With the pictures removed, please write out every line below exactly as given.

**Supplied information**

# # # # # # #

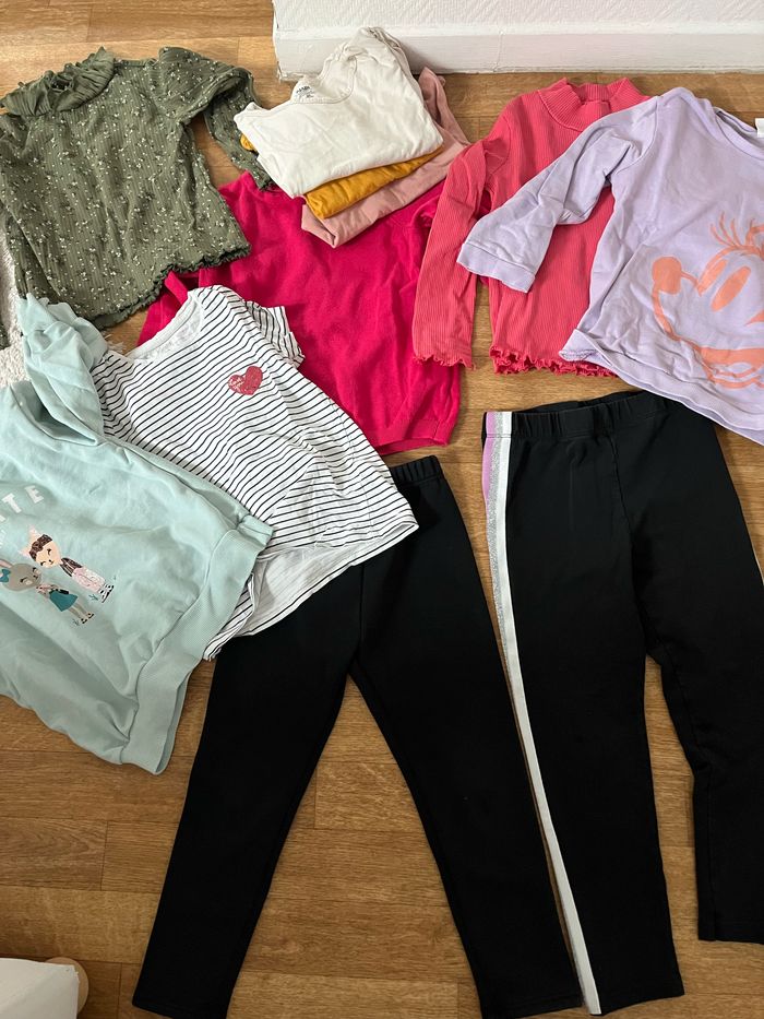 Lot vêtements fille 2 leggins épais 2 pull 3 sous pull 1 pull fin 1 t-shirt Le tout en très bon état Marque : vertbaudet kiabi lc waikiki Taille 5-6ans
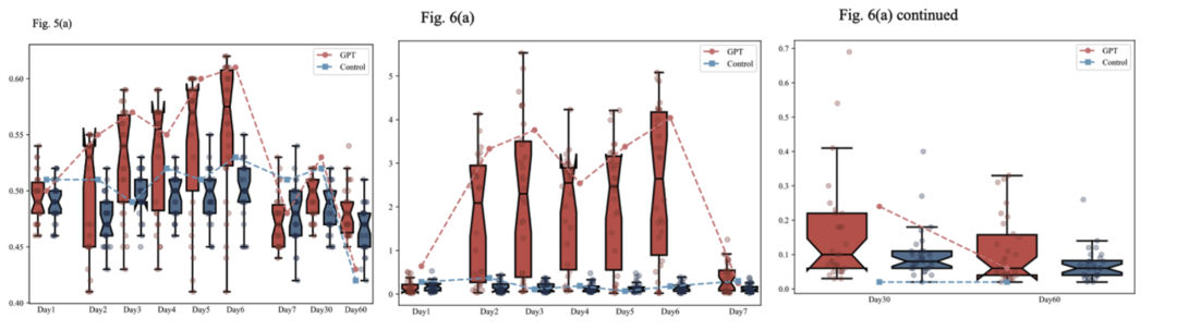 创造力的提升是短暂、不可持续的:在使用AI的阶段(第2-6天),“AI实验组”的各项创造力指标确实远超“纯脑力组”。然而,一旦AI被撤走,这种优势便瞬间消失。从第7天开始直到第60天,两组的创造力表现再无显著差异。更令人警醒的是,在第60天的聚合思维测试中,实验组的参与者表现甚至显著差于从未用过AI的对照组,AI带来的,并非可迁移的“能力”,更像是一种无法内化的“幻觉”。
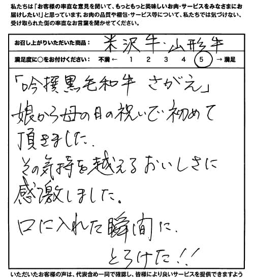 「吟撰黒毛和牛さがえ」 娘から母の日の祝いで初めて頂きました。 その気持を越えるおいしさに感激しました。 口に入れた瞬間にとろけた!!

# # # # # # #

**Answer to the problem**
 Lot vêtements fille 2 leggins épais 2 pull 3 sous pull 1 pull fin 1 t-shirt Le tout en très bon état Marque : vertbaudet kiabi lc waikiki Taille 5-6ans
 创造力的提升是短暂、不可持续的:在使用AI的阶段(第2-6天),“AI实验组”的各项创造力指标确实远超“纯脑力组”。然而,一旦AI被撤走,这种优势便瞬间消失。从第7天开始直到第60天,两组的创造力表现再无显著差异。更令人警醒的是,在第60天的聚合思维测试中,实验组的参与者表现甚至显著差于从未用过AI的对照组,AI带来的,并非可迁移的“能力”,更像是一种无法内化的“幻觉”。
 「吟撰黒毛和牛さがえ」 娘から母の日の祝いで初めて頂きました。 その気持を越えるおいしさに感激しました。 口に入れた瞬間にとろけた!!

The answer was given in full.